Little Farmer à Black Point


Dimanche 18 février.

Nous nous préparons à partir ce matin, Pierre réalise qu'il a oublié la ligne à l'eau hier. On met un petit morceau de calmar sur un hameçon qu'on laisse pendre derrière le bateau. On prends toutes sortes de prises de cette façon. Entre autre des snappers et du Chub. On rentre la ligne et quelle ne fût pas notre surprise de voir un Grunt qui s'y est pris durant la nuit. HOouuuuuuu! ça sera bon à l'apéro de ce soir. Fantastique! Bien que j'affectionne le goût fins des filets de la délicate chaire des "Lion Fish", tout autre poisson est bienvenue dans mon assiette.

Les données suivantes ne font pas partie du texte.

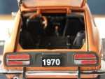 | Massstab | 1:24 |  durchsichtige Scheiben, schwarzes Interieur, Scheibenwischer und Heckblende. Chrom Stossstangen, Scheibenrahmen, Rückspiegel bei der A-Säule links montiert, Türgriffe und Embleme. Zu öffnende Türen, Motorhaube mit Motorapplikation und Heckklappe. Linkslenker Strassenauto für den USA-Markt. Kolorierte Lichter. Original Raddeckel mit Profilgummi-Reifen und lenkbaren Vorderrädern. Sehr detailliertes, filigranes Modelauto aus der limitierten Vintage Precision Model Collection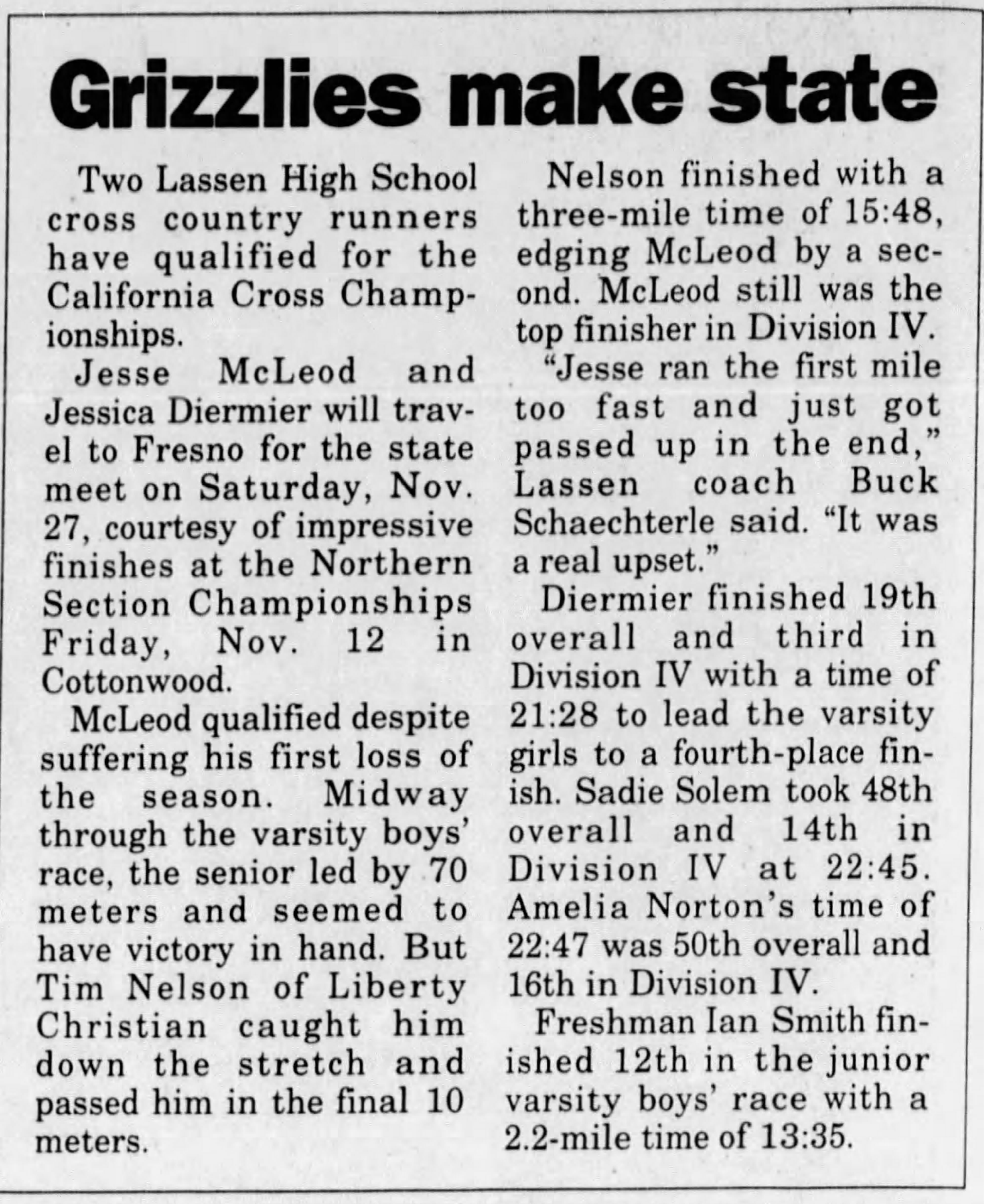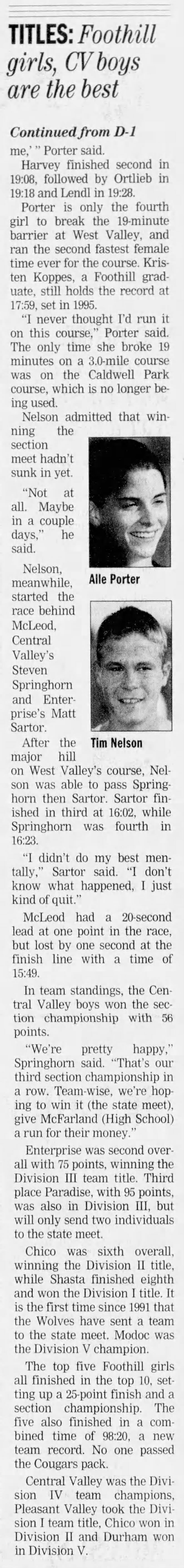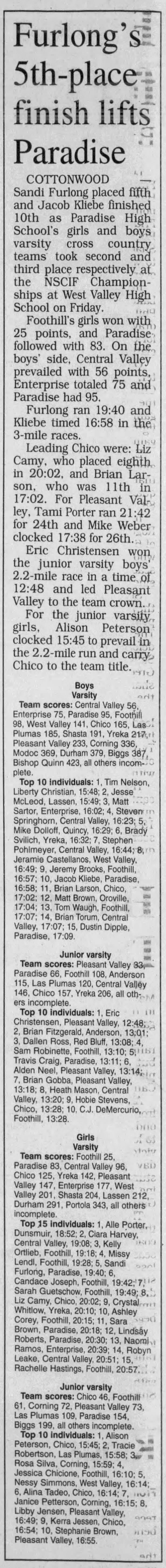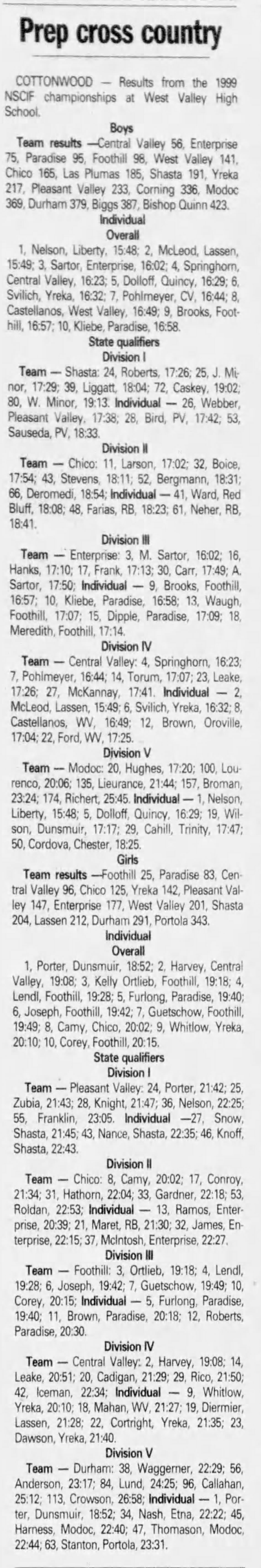 1999 NSCIF Cross Country Championships West Valley HS (current course) Cottonwood, California Friday November 12, 1999

Nous levons l'ancre à 8h15. Nous faisons un arrêt à Little Farmer afin d'y faire le plein d'eau qui est gratuite au Government dock. Une petite sièste comblera le début de l'après-midi. Nous repartons à 15h00 pour nous diriger à Black point. 

Il fait beau et chaud, nous naviguons à l'intérieur des îles, l’eau est d’un turquoise claire et le vent souffle délicatement du sud-ouest, à peine 10 nœuds. Presque température du corps, ce vent chaud nous caresse doucement la peau au passage pour ensuite faire gonfler le génois qui est tout déployé. Nous glissons doucement sans vague sur cette mer d’émeraude qui scintille comme un bijou sous les rayons d’un soleil radieux. On distingue l’ombre du bateau, celui-ci se dessine très nettement sur le fond de sable blanc sous la surface de l’eau qui est de 10 à 15 pieds de profondeur. 
 
C’est si paisible et doux comme navigation qu’on dirait que le temps s’est arrêté. Il règne un calme apaisant avec comme musique de fond le clapotis de l’eau qui se fend sur l'étrave du bateau à notre passage. Jeremy se demande si on avance bel et bien tellement le bateau reste stable et droit, on a l'impression de flotter. La vitesse n’est que de 3-4 nœuds mais nous ne sommes pas pressés. Quel beau moment à savourer sous ce ciel bleu clair au milieu du paradis.


Nous arrivons à Black point et y passerons la nuit.